3. Take off thumb. Put 11 sts (including p sts on both sides) on a holder. Cast on 10 sts over the gap. (If using Green Mountain Green shaded yarn, k 4 rnds in pattern above thumb hole, then break yarn and knit thumb, so that it will match the shading of the hand. After knitting thumb, Pull out 3 rnds of hand sts, and alternate rnds of raveled out yarn and fresh yarn to blend the shading.) K even in pattern until mitten is 4.25 ins, or 13 p ridges, above thumb hole. Stop after p rnd and redistribute sts on needles: 7/7/8 ribs, each needle ending with a p st.
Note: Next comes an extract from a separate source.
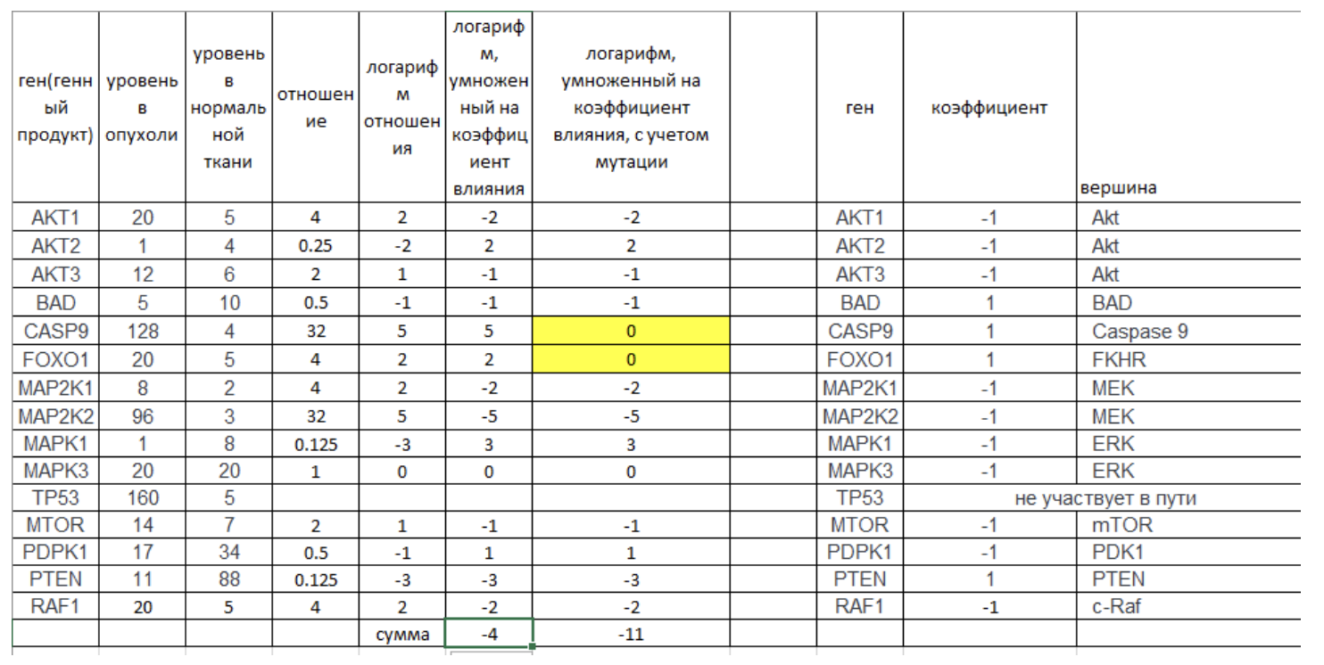 для PTEN, BAD, FKHR, Caspase 9 коэффициенты равны единице, остальные – минус единице.

4. Dec in the next rnd (first k 2, p 1 rnd): Beginning of needle: SSK 2 tog (leans to left). End of needle, k 1, k 2 tog (leans to right), p 1, thus not affecting the last st of any needle. Dec this way every 3rd rnd, always the rnd after the p rnd, while continuing pattern, until about 21 sts remain (= total 19 to 20 p ridges). After p rnd, change to stockinette and (k 2 tog, k 2) around. K 1 rnd even. (K 2 together, k 1) around. K 1 rnd even. Break yarn with a 6-inch tail and draw up remaining sts.
5. Thumb. On 3 needles, pick up 10 sts at top of thumb hole, 11 sts from holder, and 2 sts in each corner = 23 sts. K even in stockinette until thumb is 2.25 ins long or to the tip of the thumbnail, then dec sharply: K 2 together, k 2 around. K 1 rnd even, then (k 2 together, k 1) around until 7-8 sts remain. K 1 rnd even.
Check length and width with those given on the chart for finished measurements. If you are satisfied, break yarn with a 6-inch tail, and, using a yarn needle, close the tip by pulling up the remaining sts on the tail firmly.
Make another identical mitten. This mitten can be worn on either hand. Finish both mittens. Lay each out with the thumb at center of palm. Tada! Lithuanian mitten, made in America (or wherever you live).
Abbreviations. beg, beginning; CC, contrast color; dec, decrease; in, inch(es); inc(s), increases; k, knit; MC, main color; p, purl; rnd(s), round(s); SSK, slip, slip, knit; st(s), stitches; tog, together (K 2 together).
Tension: 7sts and 10 rnds= 1in. Equipment: 4 US No.1 double-pointed knitting needles. Large eyed yarn needle. Short length of waste yarn for st holder. Yarn: 240 yds MC/12 yds CC DK or light worsted weight (2/6) wool yarn. The sample was knitted in a medium weight wool yarn from Green Mountain Spinnery. Each mitten used an entire 120 yd. skein. Hand size: 8 in, 8.5 in around hand w/thumb tip. Mitten sizes: above cuff 8.25 in, thumb length 2.75 in, mitten width 4.25 in. Time to knit 1 pair: 10 hrs.